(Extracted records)
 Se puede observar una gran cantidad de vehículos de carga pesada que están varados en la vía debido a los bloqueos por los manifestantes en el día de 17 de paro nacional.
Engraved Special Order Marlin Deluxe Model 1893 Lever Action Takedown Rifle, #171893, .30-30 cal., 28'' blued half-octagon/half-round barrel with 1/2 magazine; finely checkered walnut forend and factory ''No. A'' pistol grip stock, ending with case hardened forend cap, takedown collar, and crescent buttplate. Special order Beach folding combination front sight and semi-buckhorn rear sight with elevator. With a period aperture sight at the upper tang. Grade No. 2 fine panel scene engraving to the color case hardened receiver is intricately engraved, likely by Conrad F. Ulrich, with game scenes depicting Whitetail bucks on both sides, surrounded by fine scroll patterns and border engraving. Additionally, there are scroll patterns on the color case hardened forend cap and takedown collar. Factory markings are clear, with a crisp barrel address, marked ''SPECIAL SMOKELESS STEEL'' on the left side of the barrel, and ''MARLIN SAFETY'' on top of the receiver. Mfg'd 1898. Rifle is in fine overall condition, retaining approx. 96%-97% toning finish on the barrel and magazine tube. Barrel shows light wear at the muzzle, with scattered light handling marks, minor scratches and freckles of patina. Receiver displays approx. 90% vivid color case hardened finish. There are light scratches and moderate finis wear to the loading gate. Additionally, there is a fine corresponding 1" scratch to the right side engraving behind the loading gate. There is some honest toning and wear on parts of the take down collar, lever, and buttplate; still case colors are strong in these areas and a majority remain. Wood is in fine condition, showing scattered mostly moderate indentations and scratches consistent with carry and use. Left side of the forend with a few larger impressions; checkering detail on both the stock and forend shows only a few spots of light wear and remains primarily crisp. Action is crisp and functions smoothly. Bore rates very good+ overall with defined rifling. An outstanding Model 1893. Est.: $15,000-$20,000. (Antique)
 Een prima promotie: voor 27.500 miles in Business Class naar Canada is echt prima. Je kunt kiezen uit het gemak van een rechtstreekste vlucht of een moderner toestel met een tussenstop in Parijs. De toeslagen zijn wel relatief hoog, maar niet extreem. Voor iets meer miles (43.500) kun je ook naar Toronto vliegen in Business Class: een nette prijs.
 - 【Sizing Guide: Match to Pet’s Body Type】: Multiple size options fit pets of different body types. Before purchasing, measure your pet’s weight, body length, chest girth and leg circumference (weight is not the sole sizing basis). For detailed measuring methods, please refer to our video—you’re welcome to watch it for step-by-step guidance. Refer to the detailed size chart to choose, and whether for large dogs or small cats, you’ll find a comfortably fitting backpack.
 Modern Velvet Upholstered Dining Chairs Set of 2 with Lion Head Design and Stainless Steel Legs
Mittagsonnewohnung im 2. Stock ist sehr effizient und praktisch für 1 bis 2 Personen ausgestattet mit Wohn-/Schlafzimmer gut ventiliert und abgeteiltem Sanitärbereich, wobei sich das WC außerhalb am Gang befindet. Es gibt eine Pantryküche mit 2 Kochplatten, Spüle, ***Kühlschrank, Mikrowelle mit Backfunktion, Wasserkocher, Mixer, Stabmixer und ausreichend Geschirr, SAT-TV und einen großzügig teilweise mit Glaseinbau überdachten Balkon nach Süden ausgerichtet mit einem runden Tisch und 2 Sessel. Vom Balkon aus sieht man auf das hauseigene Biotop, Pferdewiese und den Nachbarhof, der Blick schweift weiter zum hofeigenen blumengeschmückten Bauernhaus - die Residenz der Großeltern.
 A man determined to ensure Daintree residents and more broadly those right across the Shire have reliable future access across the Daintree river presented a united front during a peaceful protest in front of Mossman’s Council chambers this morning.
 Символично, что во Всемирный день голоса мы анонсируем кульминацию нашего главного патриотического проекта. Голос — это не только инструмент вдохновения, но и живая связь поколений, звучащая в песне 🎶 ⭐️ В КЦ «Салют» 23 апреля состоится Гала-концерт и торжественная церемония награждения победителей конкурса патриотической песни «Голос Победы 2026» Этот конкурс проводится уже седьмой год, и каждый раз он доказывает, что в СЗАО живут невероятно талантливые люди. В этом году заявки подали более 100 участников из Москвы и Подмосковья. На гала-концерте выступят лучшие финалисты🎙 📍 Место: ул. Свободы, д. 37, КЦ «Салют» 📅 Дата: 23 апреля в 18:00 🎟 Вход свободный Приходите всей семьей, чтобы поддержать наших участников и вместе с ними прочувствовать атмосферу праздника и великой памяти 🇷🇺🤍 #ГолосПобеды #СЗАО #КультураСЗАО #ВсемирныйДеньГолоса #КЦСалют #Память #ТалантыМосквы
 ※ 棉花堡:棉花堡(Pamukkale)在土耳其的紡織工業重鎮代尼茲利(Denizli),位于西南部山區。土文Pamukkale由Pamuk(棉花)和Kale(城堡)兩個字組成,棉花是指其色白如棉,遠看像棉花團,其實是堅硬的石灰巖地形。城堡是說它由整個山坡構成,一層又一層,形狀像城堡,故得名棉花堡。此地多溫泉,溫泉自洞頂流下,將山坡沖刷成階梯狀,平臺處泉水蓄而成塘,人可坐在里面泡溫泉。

WHAT TO WORK ON: Nothing may be dropped or altered. Copy every line above.

TASK ANSWER:
 Se puede observar una gran cantidad de vehículos de carga pesada que están varados en la vía debido a los bloqueos por los manifestantes en el día de 17 de paro nacional.
Engraved Special Order Marlin Deluxe Model 1893 Lever Action Takedown Rifle, #171893, .30-30 cal., 28'' blued half-octagon/half-round barrel with 1/2 magazine; finely checkered walnut forend and factory ''No. A'' pistol grip stock, ending with case hardened forend cap, takedown collar, and crescent buttplate. Special order Beach folding combination front sight and semi-buckhorn rear sight with elevator. With a period aperture sight at the upper tang. Grade No. 2 fine panel scene engraving to the color case hardened receiver is intricately engraved, likely by Conrad F. Ulrich, with game scenes depicting Whitetail bucks on both sides, surrounded by fine scroll patterns and border engraving. Additionally, there are scroll patterns on the color case hardened forend cap and takedown collar. Factory markings are clear, with a crisp barrel address, marked ''SPECIAL SMOKELESS STEEL'' on the left side of the barrel, and ''MARLIN SAFETY'' on top of the receiver. Mfg'd 1898. Rifle is in fine overall condition, retaining approx. 96%-97% toning finish on the barrel and magazine tube. Barrel shows light wear at the muzzle, with scattered light handling marks, minor scratches and freckles of patina. Receiver displays approx. 90% vivid color case hardened finish. There are light scratches and moderate finis wear to the loading gate. Additionally, there is a fine corresponding 1" scratch to the right side engraving behind the loading gate. There is some honest toning and wear on parts of the take down collar, lever, and buttplate; still case colors are strong in these areas and a majority remain. Wood is in fine condition, showing scattered mostly moderate indentations and scratches consistent with carry and use. Left side of the forend with a few larger impressions; checkering detail on both the stock and forend shows only a few spots of light wear and remains primarily crisp. Action is crisp and functions smoothly. Bore rates very good+ overall with defined rifling. An outstanding Model 1893. Est.: $15,000-$20,000. (Antique)
 Een prima promotie: voor 27.500 miles in Business Class naar Canada is echt prima. Je kunt kiezen uit het gemak van een rechtstreekste vlucht of een moderner toestel met een tussenstop in Parijs. De toeslagen zijn wel relatief hoog, maar niet extreem. Voor iets meer miles (43.500) kun je ook naar Toronto vliegen in Business Class: een nette prijs.
 - 【Sizing Guide: Match to Pet’s Body Type】: Multiple size options fit pets of different body types. Before purchasing, measure your pet’s weight, body length, chest girth and leg circumference (weight is not the sole sizing basis). For detailed measuring methods, please refer to our video—you’re welcome to watch it for step-by-step guidance. Refer to the detailed size chart to choose, and whether for large dogs or small cats, you’ll find a comfortably fitting backpack.
 Modern Velvet Upholstered Dining Chairs Set of 2 with Lion Head Design and Stainless Steel Legs
Mittagsonnewohnung im 2. Stock ist sehr effizient und praktisch für 1 bis 2 Personen ausgestattet mit Wohn-/Schlafzimmer gut ventiliert und abgeteiltem Sanitärbereich, wobei sich das WC außerhalb am Gang befindet. Es gibt eine Pantryküche mit 2 Kochplatten, Spüle, ***Kühlschrank, Mikrowelle mit Backfunktion, Wasserkocher, Mixer, Stabmixer und ausreichend Geschirr, SAT-TV und einen großzügig teilweise mit Glaseinbau überdachten Balkon nach Süden ausgerichtet mit einem runden Tisch und 2 Sessel. Vom Balkon aus sieht man auf das hauseigene Biotop, Pferdewiese und den Nachbarhof, der Blick schweift weiter zum hofeigenen blumengeschmückten Bauernhaus - die Residenz der Großeltern.
 A man determined to ensure Daintree residents and more broadly those right across the Shire have reliable future access across the Daintree river presented a united front during a peaceful protest in front of Mossman’s Council chambers this morning.
 Символично, что во Всемирный день голоса мы анонсируем кульминацию нашего главного патриотического проекта. Голос — это не только инструмент вдохновения, но и живая связь поколений, звучащая в песне 🎶 ⭐️ В КЦ «Салют» 23 апреля состоится Гала-концерт и торжественная церемония награждения победителей конкурса патриотической песни «Голос Победы 2026» Этот конкурс проводится уже седьмой год, и каждый раз он доказывает, что в СЗАО живут невероятно талантливые люди. В этом году заявки подали более 100 участников из Москвы и Подмосковья. На гала-концерте выступят лучшие финалисты🎙 📍 Место: ул. Свободы, д. 37, КЦ «Салют» 📅 Дата: 23 апреля в 18:00 🎟 Вход свободный Приходите всей семьей, чтобы поддержать наших участников и вместе с ними прочувствовать атмосферу праздника и великой памяти 🇷🇺🤍 #ГолосПобеды #СЗАО #КультураСЗАО #ВсемирныйДеньГолоса #КЦСалют #Память #ТалантыМосквы
 ※ 棉花堡:棉花堡(Pamukkale)在土耳其的紡織工業重鎮代尼茲利(Denizli),位于西南部山區。土文Pamukkale由Pamuk(棉花)和Kale(城堡)兩個字組成,棉花是指其色白如棉,遠看像棉花團,其實是堅硬的石灰巖地形。城堡是說它由整個山坡構成,一層又一層,形狀像城堡,故得名棉花堡。此地多溫泉,溫泉自洞頂流下,將山坡沖刷成階梯狀,平臺處泉水蓄而成塘,人可坐在里面泡溫泉。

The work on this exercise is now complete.